We are starting a new Python project with a few proprietary algorithms and sensitive bits of logic that we would like to keep confidential. We will also have several outsiders (select members of the public) working on the code. We cannot give third-party users access to small private bits of code, but we would like the open version to work well enough for them.
Let's say that our Foo project has a module barwith one function get_sauce(). What really happens in get_sauce()is secret, but we want the open version to get_sauce()return an acceptable, albeit incorrect, result.
We are also launching our own Subversion server, so we have full control over who can access them.
Symlinks
My first thought was a symbolic link - instead of bar.pyproviding it to bar_public.pyeveryone and bar_private.pyonly to internal developers. Unfortunately, creating symbolic links is tedious, manual work - especially when there are actually about two dozen of these private modules.

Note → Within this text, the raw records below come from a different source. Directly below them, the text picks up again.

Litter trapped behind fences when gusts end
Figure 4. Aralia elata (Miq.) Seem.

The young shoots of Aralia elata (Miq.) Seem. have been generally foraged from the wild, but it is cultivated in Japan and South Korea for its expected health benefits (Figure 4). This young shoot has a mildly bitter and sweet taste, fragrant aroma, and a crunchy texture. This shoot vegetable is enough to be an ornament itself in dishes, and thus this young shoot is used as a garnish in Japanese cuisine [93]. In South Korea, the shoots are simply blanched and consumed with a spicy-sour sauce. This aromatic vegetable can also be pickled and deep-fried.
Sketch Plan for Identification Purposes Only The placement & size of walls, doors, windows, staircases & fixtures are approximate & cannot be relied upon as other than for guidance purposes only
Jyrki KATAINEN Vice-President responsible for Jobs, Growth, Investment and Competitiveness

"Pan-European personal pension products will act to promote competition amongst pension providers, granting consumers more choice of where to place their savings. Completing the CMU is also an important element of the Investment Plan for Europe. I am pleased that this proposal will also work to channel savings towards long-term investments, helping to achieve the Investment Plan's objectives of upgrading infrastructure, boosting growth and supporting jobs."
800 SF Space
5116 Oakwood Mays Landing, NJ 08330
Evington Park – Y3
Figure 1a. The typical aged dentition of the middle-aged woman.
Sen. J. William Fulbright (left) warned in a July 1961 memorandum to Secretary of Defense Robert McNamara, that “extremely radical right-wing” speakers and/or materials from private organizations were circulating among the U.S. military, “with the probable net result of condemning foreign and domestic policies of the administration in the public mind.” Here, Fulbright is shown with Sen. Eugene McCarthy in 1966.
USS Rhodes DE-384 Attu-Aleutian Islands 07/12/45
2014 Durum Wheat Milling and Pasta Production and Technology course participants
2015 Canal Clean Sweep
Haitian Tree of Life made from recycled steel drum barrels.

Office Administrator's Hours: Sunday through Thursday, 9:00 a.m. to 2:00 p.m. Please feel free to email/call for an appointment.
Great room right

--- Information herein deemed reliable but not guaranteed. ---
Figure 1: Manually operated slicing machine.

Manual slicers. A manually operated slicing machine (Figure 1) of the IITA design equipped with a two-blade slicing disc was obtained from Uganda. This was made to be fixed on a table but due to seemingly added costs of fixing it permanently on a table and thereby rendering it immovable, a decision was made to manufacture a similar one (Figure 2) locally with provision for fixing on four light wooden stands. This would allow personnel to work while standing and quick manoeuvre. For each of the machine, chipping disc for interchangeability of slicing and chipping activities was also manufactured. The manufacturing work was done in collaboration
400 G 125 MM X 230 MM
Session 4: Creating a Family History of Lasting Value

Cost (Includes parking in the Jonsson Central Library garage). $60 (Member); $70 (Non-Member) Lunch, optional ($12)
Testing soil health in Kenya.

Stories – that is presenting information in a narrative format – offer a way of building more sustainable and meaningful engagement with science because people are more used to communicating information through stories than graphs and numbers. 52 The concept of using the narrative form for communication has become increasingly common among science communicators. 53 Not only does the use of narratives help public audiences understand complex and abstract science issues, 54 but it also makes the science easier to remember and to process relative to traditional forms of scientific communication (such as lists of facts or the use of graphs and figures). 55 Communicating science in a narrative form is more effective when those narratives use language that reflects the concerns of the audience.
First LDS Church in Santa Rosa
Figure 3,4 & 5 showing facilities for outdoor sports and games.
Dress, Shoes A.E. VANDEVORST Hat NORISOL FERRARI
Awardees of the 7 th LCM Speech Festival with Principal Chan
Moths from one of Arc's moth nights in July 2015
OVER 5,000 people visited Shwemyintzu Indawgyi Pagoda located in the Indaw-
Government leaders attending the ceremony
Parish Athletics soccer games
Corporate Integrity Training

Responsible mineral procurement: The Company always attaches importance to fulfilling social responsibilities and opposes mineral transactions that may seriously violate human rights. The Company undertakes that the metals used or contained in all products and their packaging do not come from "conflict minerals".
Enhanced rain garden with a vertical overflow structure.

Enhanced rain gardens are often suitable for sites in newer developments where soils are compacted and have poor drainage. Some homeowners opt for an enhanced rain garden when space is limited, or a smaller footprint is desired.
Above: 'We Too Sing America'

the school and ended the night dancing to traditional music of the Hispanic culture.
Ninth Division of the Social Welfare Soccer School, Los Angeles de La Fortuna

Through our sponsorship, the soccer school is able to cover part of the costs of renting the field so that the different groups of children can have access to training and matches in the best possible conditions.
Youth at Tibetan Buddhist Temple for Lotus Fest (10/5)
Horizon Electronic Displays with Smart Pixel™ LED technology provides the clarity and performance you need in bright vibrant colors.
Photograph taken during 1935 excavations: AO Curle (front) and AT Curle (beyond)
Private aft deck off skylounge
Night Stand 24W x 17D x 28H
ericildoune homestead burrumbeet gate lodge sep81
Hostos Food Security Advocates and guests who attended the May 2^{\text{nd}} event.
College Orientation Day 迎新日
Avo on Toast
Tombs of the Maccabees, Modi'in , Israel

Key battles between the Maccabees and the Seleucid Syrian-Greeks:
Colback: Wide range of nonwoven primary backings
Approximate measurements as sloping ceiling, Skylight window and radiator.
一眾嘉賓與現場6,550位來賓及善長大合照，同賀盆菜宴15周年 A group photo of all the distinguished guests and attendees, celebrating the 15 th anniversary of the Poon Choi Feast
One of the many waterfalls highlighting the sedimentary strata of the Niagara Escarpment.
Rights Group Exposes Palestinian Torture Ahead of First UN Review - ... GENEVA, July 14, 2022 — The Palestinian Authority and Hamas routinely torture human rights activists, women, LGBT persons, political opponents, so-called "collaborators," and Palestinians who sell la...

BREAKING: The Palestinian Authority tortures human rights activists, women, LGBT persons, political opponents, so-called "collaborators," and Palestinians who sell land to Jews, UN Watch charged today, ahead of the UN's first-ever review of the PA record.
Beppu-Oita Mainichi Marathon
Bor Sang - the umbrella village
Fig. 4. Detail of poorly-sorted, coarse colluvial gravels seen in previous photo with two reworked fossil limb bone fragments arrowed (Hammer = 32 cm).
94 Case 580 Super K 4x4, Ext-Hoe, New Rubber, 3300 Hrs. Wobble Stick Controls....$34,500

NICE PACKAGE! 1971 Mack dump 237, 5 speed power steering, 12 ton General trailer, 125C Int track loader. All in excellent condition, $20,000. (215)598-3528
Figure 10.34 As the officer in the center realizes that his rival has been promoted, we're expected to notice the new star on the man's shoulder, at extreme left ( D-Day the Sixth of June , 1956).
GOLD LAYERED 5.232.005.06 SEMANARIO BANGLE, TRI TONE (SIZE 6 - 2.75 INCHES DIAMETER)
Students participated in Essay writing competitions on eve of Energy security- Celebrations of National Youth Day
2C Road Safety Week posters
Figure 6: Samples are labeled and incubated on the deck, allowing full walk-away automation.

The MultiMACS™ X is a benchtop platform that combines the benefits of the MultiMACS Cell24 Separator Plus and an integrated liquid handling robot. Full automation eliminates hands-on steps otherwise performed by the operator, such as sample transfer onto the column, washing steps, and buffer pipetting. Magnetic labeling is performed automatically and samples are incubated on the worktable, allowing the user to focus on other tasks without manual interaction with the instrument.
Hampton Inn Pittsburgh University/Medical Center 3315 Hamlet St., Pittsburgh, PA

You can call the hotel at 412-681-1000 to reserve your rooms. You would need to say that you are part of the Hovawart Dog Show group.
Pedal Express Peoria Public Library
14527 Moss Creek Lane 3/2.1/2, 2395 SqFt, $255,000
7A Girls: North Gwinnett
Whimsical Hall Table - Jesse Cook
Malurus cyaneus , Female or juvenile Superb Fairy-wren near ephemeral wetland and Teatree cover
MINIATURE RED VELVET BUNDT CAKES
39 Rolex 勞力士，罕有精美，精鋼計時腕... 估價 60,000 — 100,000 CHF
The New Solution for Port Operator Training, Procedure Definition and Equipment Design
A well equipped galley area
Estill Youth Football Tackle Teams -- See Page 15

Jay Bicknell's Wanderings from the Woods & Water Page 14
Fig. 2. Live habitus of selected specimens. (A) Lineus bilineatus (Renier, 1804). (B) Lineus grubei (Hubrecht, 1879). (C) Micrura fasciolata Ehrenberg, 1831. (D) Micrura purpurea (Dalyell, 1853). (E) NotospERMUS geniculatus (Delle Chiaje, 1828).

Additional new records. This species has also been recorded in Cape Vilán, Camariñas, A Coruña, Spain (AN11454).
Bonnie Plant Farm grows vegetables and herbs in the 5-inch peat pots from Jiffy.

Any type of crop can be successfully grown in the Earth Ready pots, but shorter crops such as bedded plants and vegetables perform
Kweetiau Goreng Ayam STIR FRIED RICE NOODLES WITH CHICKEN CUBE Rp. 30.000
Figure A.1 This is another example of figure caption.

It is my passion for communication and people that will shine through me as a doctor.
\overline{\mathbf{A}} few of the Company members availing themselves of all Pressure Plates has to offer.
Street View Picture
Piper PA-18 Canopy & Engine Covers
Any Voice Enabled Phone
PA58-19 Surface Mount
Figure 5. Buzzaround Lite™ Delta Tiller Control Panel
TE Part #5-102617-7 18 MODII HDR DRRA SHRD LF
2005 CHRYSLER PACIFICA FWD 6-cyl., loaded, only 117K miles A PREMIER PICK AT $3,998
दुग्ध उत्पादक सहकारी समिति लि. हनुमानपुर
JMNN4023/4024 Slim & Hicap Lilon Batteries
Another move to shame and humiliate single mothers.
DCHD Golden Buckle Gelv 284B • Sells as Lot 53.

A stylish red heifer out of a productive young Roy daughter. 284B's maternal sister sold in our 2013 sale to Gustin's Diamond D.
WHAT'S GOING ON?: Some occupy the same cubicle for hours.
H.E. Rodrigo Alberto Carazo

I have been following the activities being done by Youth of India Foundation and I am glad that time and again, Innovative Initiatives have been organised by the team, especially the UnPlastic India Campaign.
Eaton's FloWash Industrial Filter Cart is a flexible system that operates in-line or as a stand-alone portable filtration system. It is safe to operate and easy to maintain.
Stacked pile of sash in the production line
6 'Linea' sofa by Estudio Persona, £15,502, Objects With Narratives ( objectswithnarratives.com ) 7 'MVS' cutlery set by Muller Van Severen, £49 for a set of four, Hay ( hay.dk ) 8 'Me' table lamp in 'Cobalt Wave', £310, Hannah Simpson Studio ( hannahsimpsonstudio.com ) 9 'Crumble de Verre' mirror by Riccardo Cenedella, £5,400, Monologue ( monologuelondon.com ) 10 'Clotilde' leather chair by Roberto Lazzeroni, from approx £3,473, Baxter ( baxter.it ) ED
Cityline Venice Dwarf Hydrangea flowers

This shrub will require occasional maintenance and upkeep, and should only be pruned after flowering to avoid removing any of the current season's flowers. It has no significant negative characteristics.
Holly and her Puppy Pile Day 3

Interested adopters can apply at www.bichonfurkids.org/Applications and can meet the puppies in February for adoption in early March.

More importantly, it makes managing the authz Subversion file more difficult, because for each module that we want to protect the exception must be added to the server. Someone may forget to do this and accidentally check the secrets ... Then the module is in the repo, and we must rebuild the repository without it and hope that the outsider did not load it at this time.
Multiple repositories
, :
private
└── trunk/
├── __init__.py
└── foo/
├── __init__.py
└── bar.py
public
└── trunk/
├── __init__.py
└── foo/
├── __init__.py
├── bar.py
├── baz.py
└── quux.py
, private/, public/. PYTHONPATH=private/trunk:public/trunk, PYTHONPATH=public/trunk. , from foo import bar , ?
:
% PYTHONPATH=private/trunk:public/trunk python
Python 2.5.1
Type "help", "copyright", "credits" or "license" for more information.
>>> import foo.bar
>>> foo.bar.sauce()
'a private bar'
>>> import foo.quux
Traceback (most recent call last):
File "<stdin>", line 1, in <module>
ImportError: No module named quux
Python, , Python foo :
>>> foo
<module 'foo' from '/path/to/private/trunk/foo/__init__.py'>
foo :
>>> import sys
>>> del foo
>>> del sys.modules['foo']
>>> import foo.quux
Traceback (most recent call last):
File "<stdin>", line 1, in <module>
ImportError: No module named quux
?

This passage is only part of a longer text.